Records:
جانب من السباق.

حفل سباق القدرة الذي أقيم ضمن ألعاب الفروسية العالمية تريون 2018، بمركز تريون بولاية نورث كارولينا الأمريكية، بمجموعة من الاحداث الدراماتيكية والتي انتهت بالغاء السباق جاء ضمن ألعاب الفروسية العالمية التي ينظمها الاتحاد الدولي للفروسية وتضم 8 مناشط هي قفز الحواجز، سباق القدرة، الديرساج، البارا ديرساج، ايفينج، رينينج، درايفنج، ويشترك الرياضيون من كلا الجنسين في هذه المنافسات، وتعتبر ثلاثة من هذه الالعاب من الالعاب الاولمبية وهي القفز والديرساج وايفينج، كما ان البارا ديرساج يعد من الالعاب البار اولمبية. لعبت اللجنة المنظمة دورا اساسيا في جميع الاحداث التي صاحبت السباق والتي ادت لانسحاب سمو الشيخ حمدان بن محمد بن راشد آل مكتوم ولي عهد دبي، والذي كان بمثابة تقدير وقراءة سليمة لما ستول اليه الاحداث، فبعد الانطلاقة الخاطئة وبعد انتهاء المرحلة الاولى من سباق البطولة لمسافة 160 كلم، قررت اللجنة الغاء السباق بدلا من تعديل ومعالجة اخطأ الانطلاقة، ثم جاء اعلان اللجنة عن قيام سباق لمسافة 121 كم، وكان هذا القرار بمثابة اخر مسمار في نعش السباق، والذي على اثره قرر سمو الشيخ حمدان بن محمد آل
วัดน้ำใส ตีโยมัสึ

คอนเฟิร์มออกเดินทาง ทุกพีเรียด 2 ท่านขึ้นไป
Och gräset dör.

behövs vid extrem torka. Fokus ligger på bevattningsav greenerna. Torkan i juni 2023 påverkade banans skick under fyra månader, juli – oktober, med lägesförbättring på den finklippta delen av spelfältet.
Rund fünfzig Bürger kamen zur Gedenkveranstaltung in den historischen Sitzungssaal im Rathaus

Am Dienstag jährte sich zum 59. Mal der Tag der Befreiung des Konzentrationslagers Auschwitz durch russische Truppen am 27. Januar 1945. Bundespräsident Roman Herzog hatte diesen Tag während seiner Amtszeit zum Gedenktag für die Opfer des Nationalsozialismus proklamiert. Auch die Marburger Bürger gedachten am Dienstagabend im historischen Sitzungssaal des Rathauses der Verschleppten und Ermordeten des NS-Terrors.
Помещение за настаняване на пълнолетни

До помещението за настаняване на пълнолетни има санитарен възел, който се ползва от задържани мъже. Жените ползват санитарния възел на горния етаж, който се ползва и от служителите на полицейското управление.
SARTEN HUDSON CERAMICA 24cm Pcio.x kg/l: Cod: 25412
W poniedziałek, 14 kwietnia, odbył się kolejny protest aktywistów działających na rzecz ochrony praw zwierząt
--
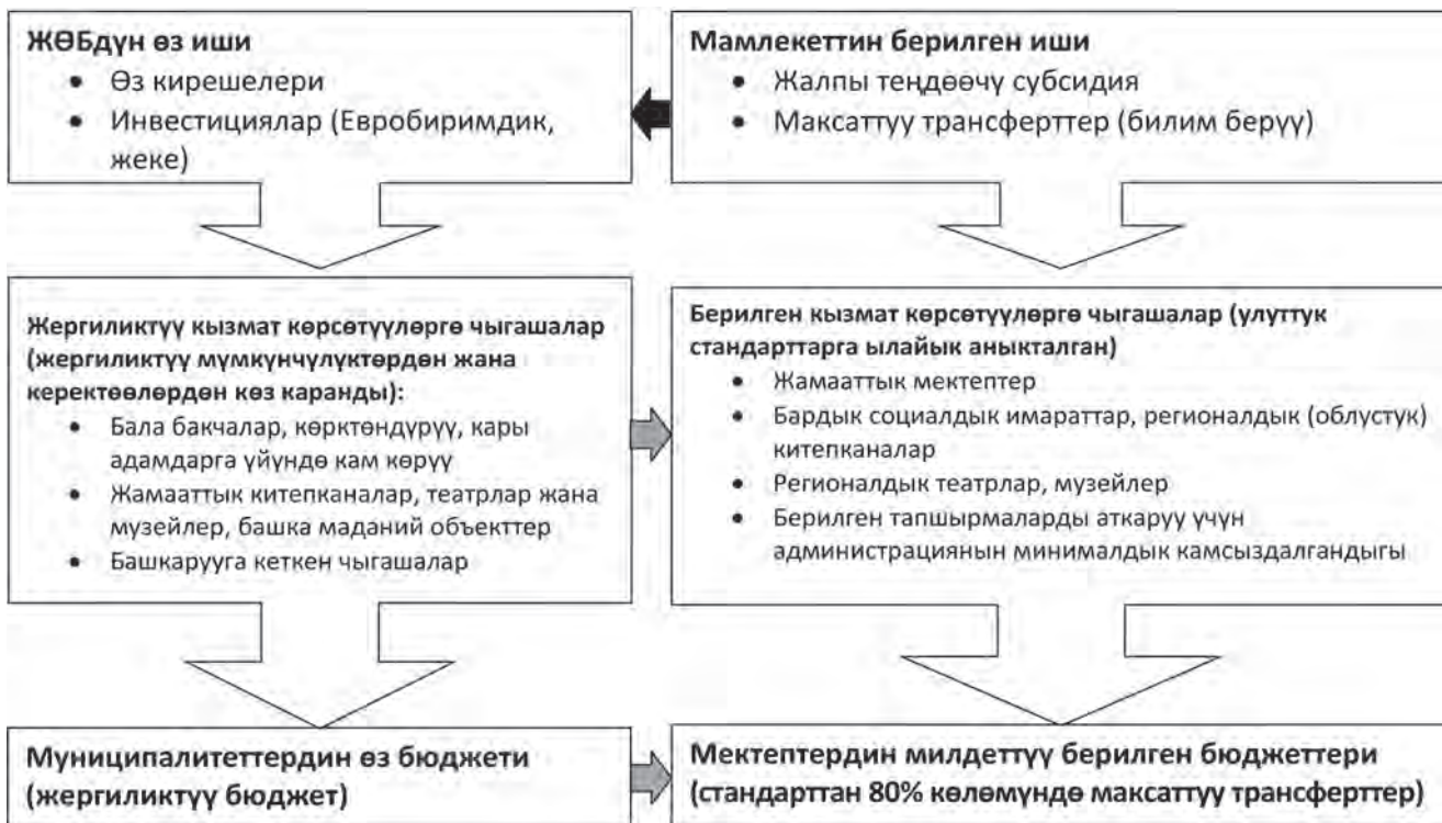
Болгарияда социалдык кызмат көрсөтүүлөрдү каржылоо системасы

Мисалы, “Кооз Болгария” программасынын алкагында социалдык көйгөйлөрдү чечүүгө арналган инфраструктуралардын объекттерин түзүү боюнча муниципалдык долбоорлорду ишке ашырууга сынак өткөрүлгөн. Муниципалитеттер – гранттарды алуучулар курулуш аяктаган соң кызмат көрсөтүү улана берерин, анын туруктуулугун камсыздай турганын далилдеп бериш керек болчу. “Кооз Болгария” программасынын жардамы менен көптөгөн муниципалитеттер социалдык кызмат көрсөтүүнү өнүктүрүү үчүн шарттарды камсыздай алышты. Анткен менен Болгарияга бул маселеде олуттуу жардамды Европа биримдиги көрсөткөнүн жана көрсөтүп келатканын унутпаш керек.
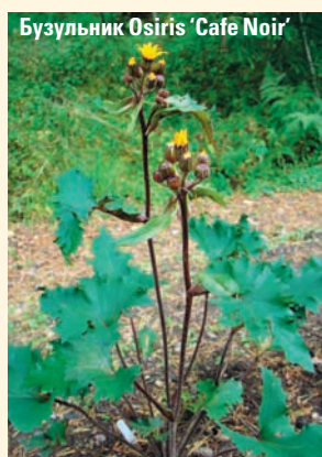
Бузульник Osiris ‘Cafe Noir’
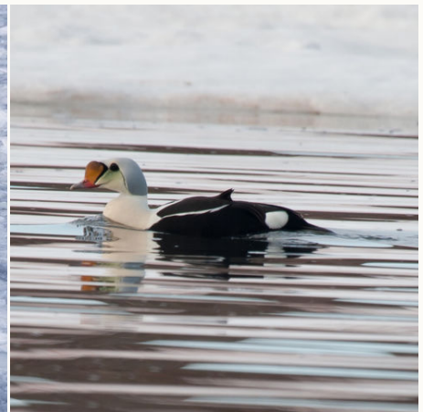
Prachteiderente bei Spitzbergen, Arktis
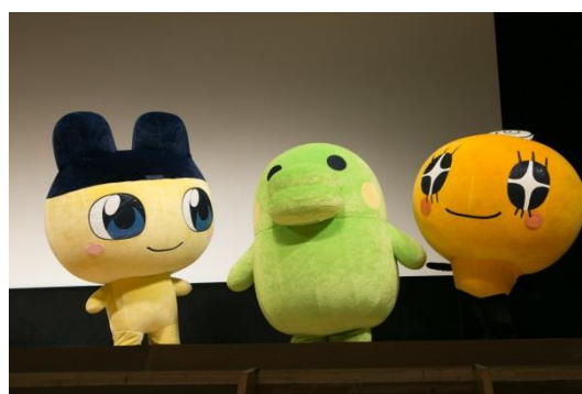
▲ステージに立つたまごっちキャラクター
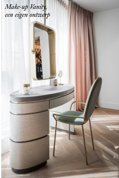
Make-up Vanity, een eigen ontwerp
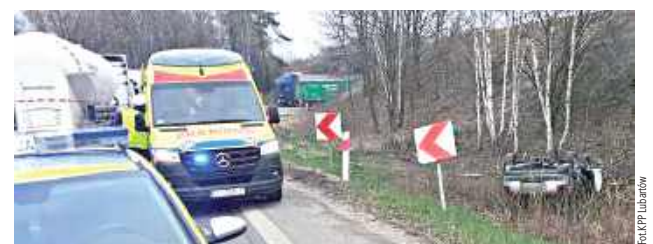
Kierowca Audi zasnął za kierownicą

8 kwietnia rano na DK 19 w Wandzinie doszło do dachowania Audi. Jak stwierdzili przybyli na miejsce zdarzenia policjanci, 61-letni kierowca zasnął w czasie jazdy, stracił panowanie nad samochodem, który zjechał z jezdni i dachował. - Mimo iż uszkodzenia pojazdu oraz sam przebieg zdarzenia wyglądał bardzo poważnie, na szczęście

What to produce:
Above this instruction are the records; retype exactly the lines from the one containing "Rund fünfzig Bürger" up to and including the one containing "W poniedziałek, 14".

Solved problem:
Rund fünfzig Bürger kamen zur Gedenkveranstaltung in den historischen Sitzungssaal im Rathaus

Am Dienstag jährte sich zum 59. Mal der Tag der Befreiung des Konzentrationslagers Auschwitz durch russische Truppen am 27. Januar 1945. Bundespräsident Roman Herzog hatte diesen Tag während seiner Amtszeit zum Gedenktag für die Opfer des Nationalsozialismus proklamiert. Auch die Marburger Bürger gedachten am Dienstagabend im historischen Sitzungssaal des Rathauses der Verschleppten und Ermordeten des NS-Terrors.
Помещение за настаняване на пълнолетни

До помещението за настаняване на пълнолетни има санитарен възел, който се ползва от задържани мъже. Жените ползват санитарния възел на горния етаж, който се ползва и от служителите на полицейското управление.
SARTEN HUDSON CERAMICA 24cm Pcio.x kg/l: Cod: 25412
W poniedziałek, 14 kwietnia, odbył się kolejny protest aktywistów działających na rzecz ochrony praw zwierząt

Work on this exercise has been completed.